On Hackage: http://hackage.haskell.org/package/set-monad
Very cool. Seems to work fine. But I am wondering about the impact of using your package on asymptotic complexity (and thereby, on performance). From your implementation:
data Set a where Prim :: (Ord a) => S.Set a -> Set a [...] Zero :: Set a Plus :: Set a -> Set a -> Set a
I notice that this part of your datatype looks like a binary tree of sets. Lets see how your run function treats it:
run :: (Ord a) => Set a -> S.Set a run (Prim s) = s [...] run (Zero) = S.empty run (Plus ma mb) = S.union (run ma) (run mb)
As expected, the Prim-Zero-Plus structure is treated as a binary tree of sets, and run collects all the sets together. That is probably fine, because it should have the same complexity as combining these sets in the first place.
run (Bind (Prim s) f) = S.foldl' S.union S.empty (S.map (run . f) s) [...] run (Bind Zero _) = S.empty run (Bind (Plus ma mb) f) = run (Plus (Bind ma f) (Bind mb f)) [...]
But when I use the binary tree of sets on the left-hand side of a bind, your run function has to naively traverse the whole tree.

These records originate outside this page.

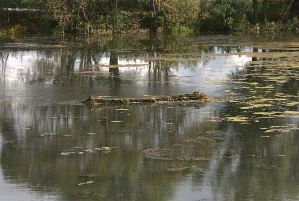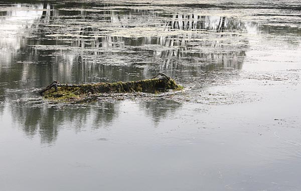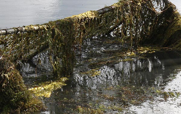 .. dicke Algenplatten hängen auf den Wasserpflanzen; daher kommt auch die gelbe Farbe
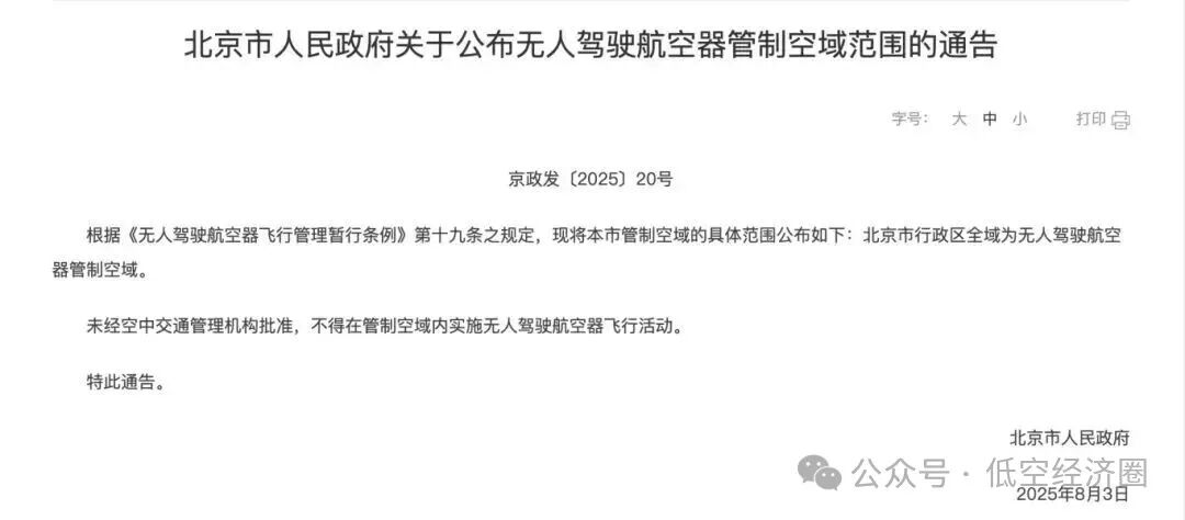 8月3日,市政府关于公布无人驾驶航空器管制空域范围的通告显示,北京市行政区全域为无人驾驶航空器管制空域。未经空中交通管理机构批准,不得在管制空域内实施无人驾驶航空器飞行活动。
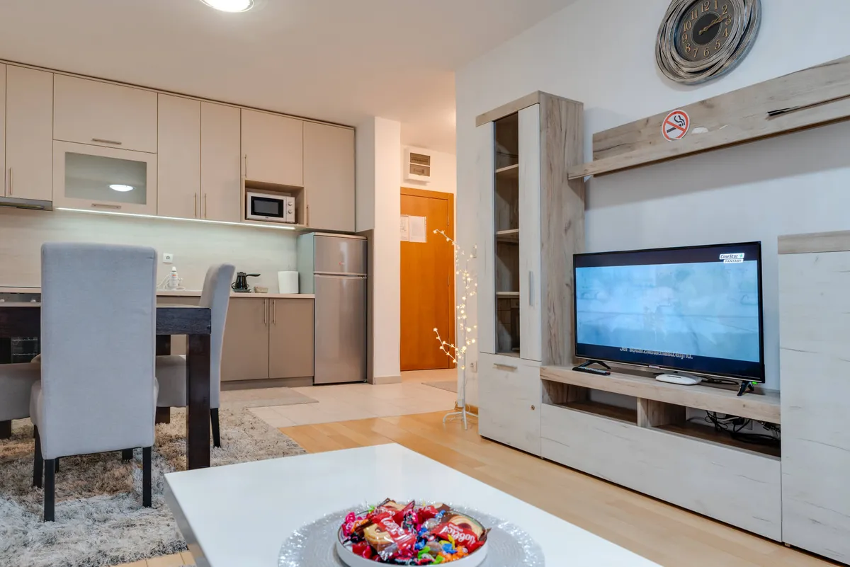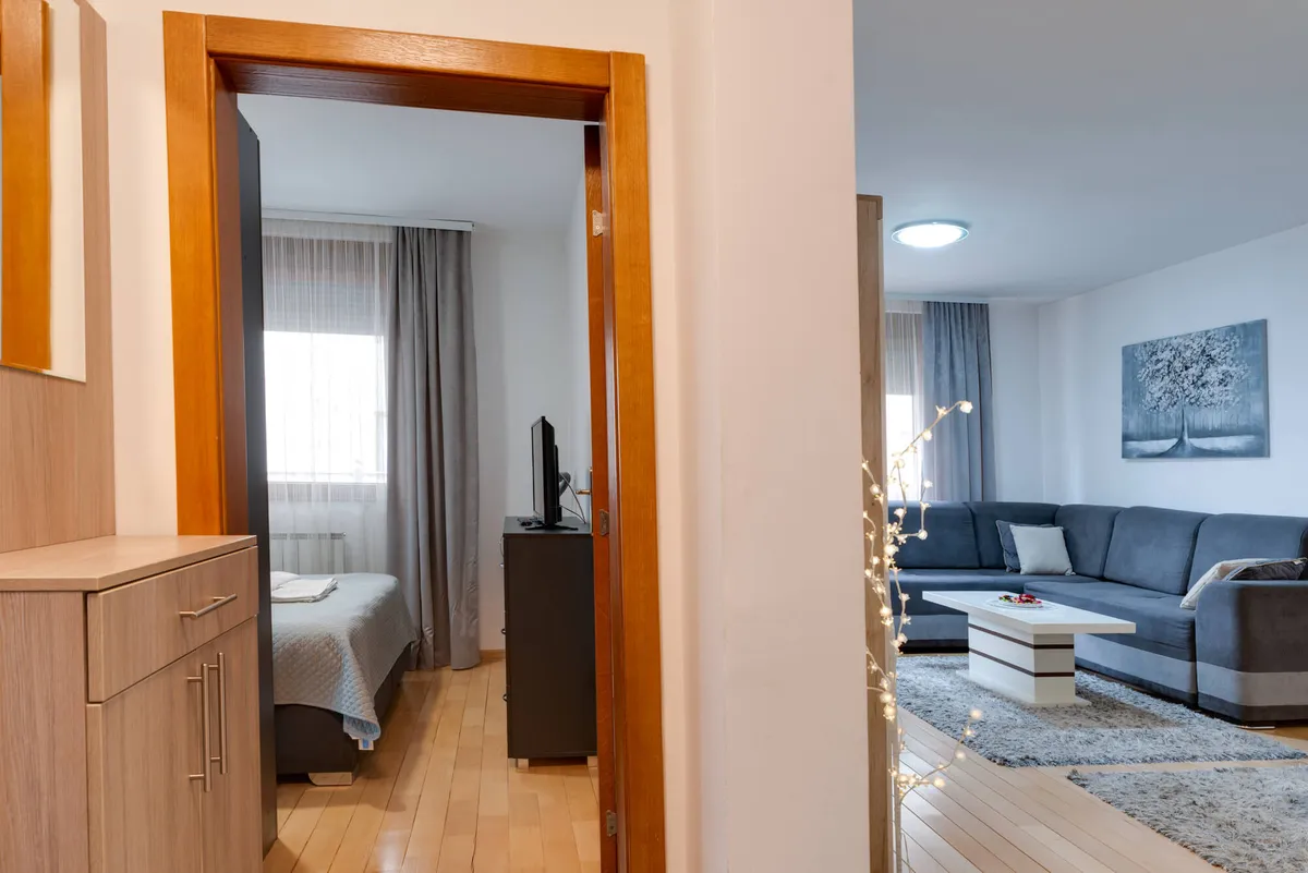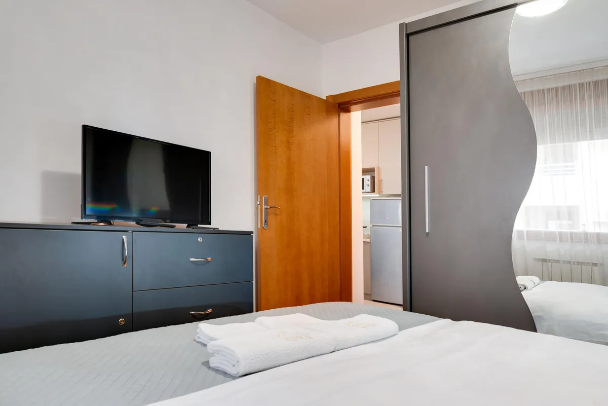 Apartman je idealan za boravak do četiri odrasle osobe. Sastoji se od odvojene spavaće sobe, prostranog dnevnog boravka sa kuhinjom, kupatila i terase. Gostima su obezbeđeni besplatan Wi-Fi, kablovska televizija, klima uređaj i parking prostor.
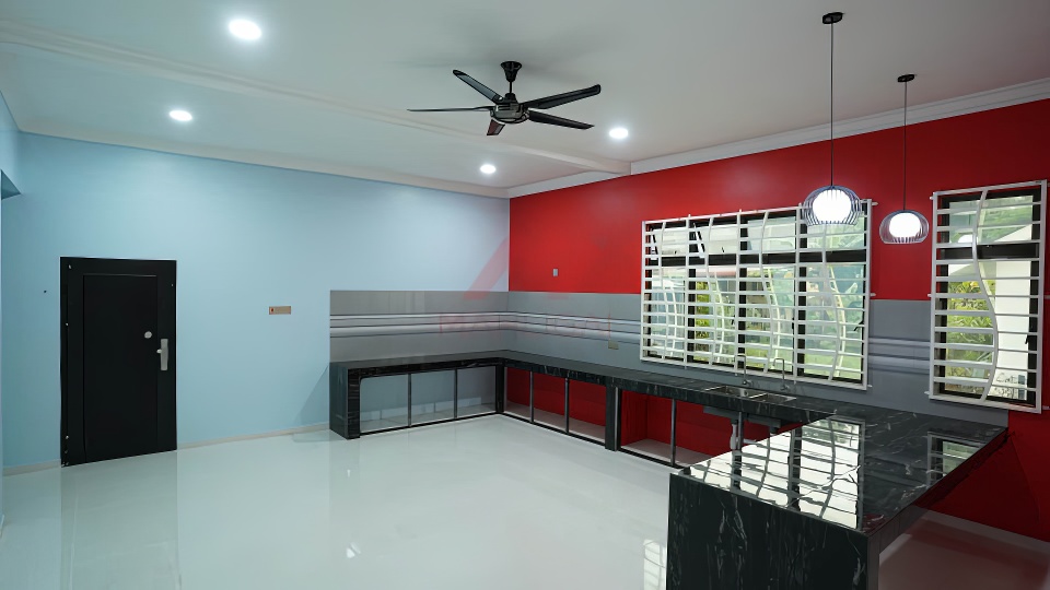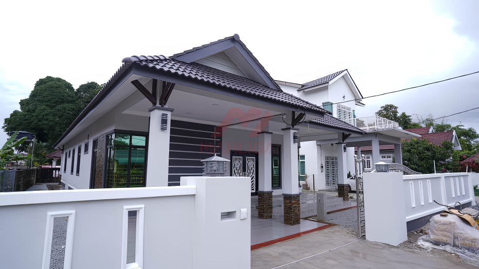 Banglo milik klien kami Puan Illiani kini telah siap dibina sepenuhnya di Kubang Kerian, Kota Bharu, Kelantan dilengkapi dengan tiga (3) bilik tidur dan tiga (3) bilik air. Banglo yang berkeluasan 2,644 kaki persegi, banglo ini menggabungkan ciri-ciri banglo moden iaitu dari segi rekabentuk dalaman dan luaran yang sangat menarik. Dari segi penggunaan tona warna putih dan dark grey menaikkan lagi kontra warna tersebut.

So if the same elements are included in many sets in the tree of sets, these elements will be processed more than once, so the overall complexity is worse than necessary. Here's a ghci session that seems to confirm my suspicion. I first define a function using set-monad's convenient monad instance for sets:
$ :m +Control.Monad Data.Set.Monad $ let s1 `times` s2 = do {e1 <- s1; e2 <- s2; return (e1, e2)}
Now I produce some test data:
$ let numbers = fromList [1 .. 1000] $ let unioned = numbers `union` numbers $ let mplused = numbers `mplus` numbers
Note that these three sets are all equivalent.

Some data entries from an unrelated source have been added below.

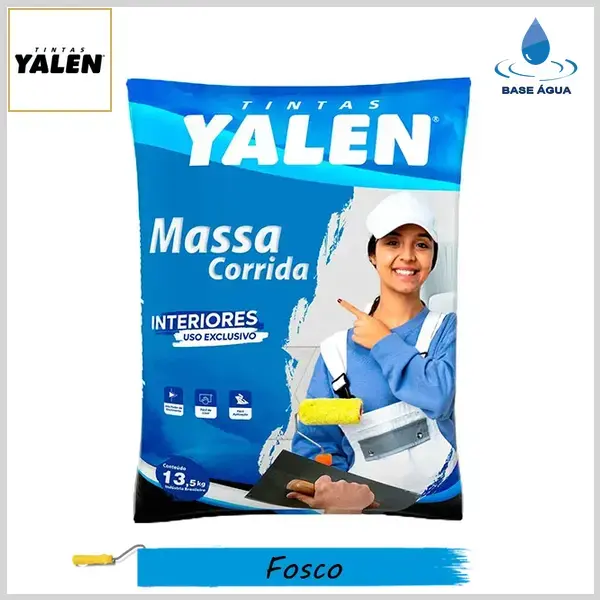 Massa Corrida PVA Interiores, Branco Fosco - 13.5 kg - Yalen
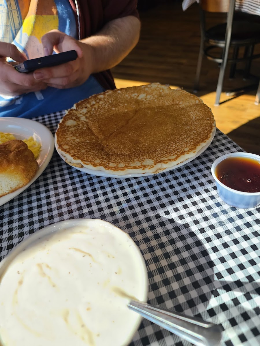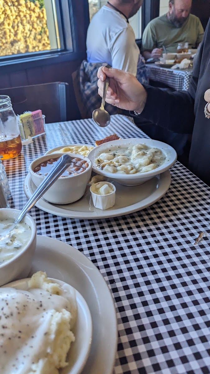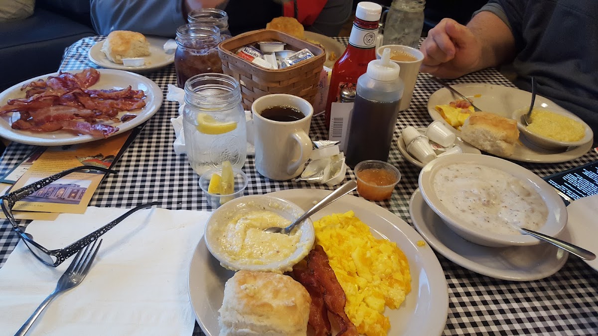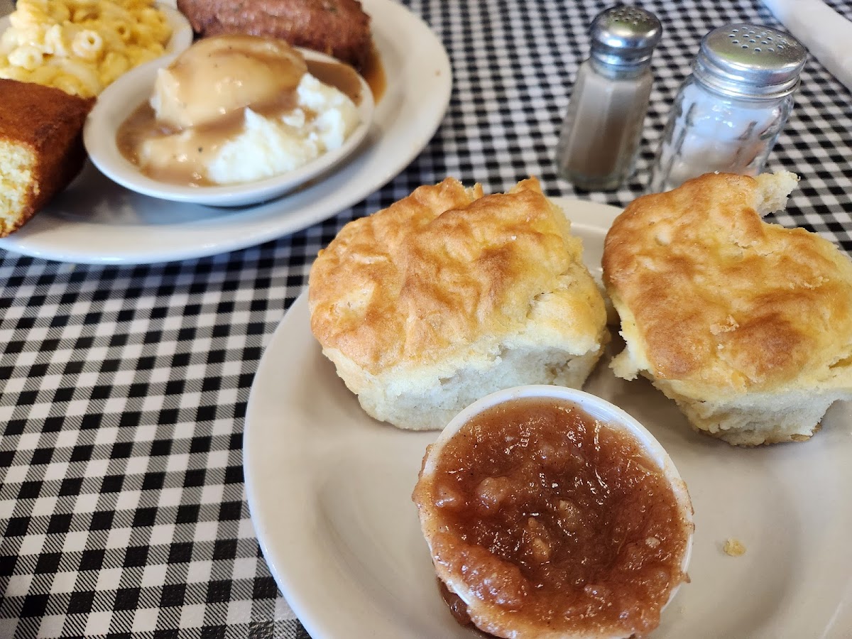 The vibe leans heavily into country cooking, but without feeling outdated or forced. Tables turn quickly, servers greet regulars by name, and the menu reads like a greatest-hits list of Southern comfort food. Biscuits are made fresh throughout the day, a process I watched firsthand as cooks rolled dough behind a glass partition. That detail matters, because texture is everything, and these come out soft inside with just enough crust to hold gravy or butter.
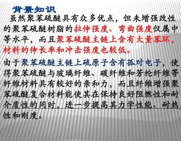 聚苯硫醚PPS是一種綜合性能優(yōu)異的特種工程塑料。其具有優(yōu)良的耐高溫、耐腐蝕、耐輻射、阻燃、均衡的物理機械性能和極好的尺寸穩(wěn)定性以及優(yōu)良的電性能等特點,被廣泛用作結(jié)構(gòu)性高分子材料。但是因為純的聚苯硫醚性能脆而很少被單獨使用,PPS的實際應(yīng)用多以復(fù)合材料的形式出現(xiàn),通過增強、改性等處理后的PPS成為“六大”特種工程塑料之一。其中,碳纖維增強PPS就是較為常見的一種應(yīng)用形式。
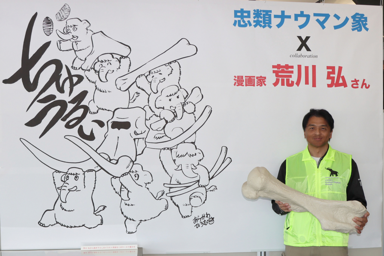 ・荒川弘さん描き下ろしのナウマンゾウ 忠類記念館に登場
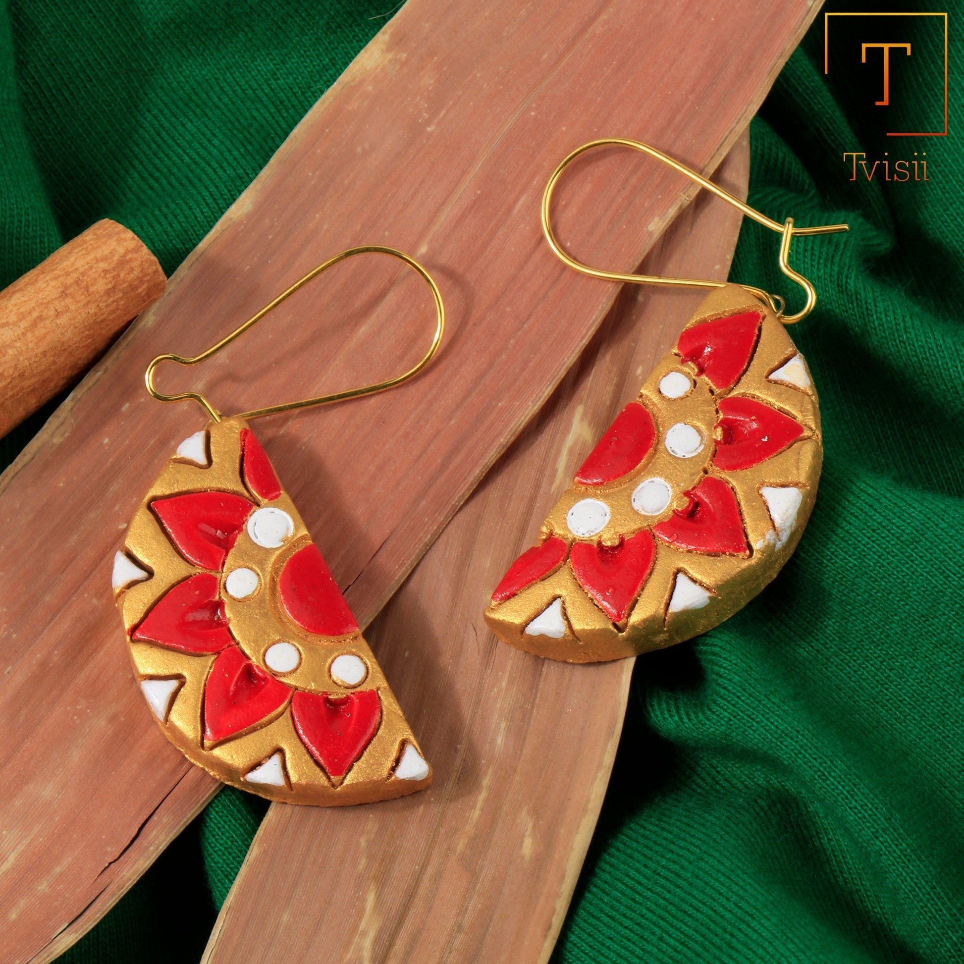 These������ red and golden����"1">������earrings are made up of brownish red coloured and unglazed clay . They have been beautifully crafted by the very talented karigars of Madhya Pradesh using #deshkimitti. They're pure markers of #madeinIndia . #BeVocalForLocal and buy from our beautiful Argil Collection

$ (numbers == unioned, numbers == mplused, unioned == mplused) (True, True, True)
However, they behave differently when passed to the times function above. numbers and unioned are similarly "fast":
$ :set +s $ size $ numbers `times` numbers 1000000 (2.56 secs, 1315452984 bytes)

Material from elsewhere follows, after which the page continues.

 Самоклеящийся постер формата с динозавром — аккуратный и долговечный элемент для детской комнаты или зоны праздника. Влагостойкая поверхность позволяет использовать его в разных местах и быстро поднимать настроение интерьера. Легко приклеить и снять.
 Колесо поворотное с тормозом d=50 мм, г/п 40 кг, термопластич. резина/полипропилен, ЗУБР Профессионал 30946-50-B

$ size $ unioned `times` unioned (2.39 secs, 1314950600 bytes) 1000000
(Why is unioned faster then numbers? Is union doing some rebalancing? Can I trigger that effect directly?) But mplused is much slower:
$ size $ mplused `times` mplused 1000000 (10.83 secs, 5324731444 bytes)
I suspect that I can achieve similar results by using the list monad and converting to a set in the very end. In what situations can I benefit from set-monad? Tillmann
On Sat, Jun 16, 2012 at 3:57 AM, Tillmann Rendel
George Giorgidze wrote:
I would like to announce the first release of the set-monad library.
On Hackage: http://hackage.haskell.org/package/set-monad
Very cool. Seems to work fine. But I am wondering about the impact of using your package on asymptotic complexity (and thereby, on performance).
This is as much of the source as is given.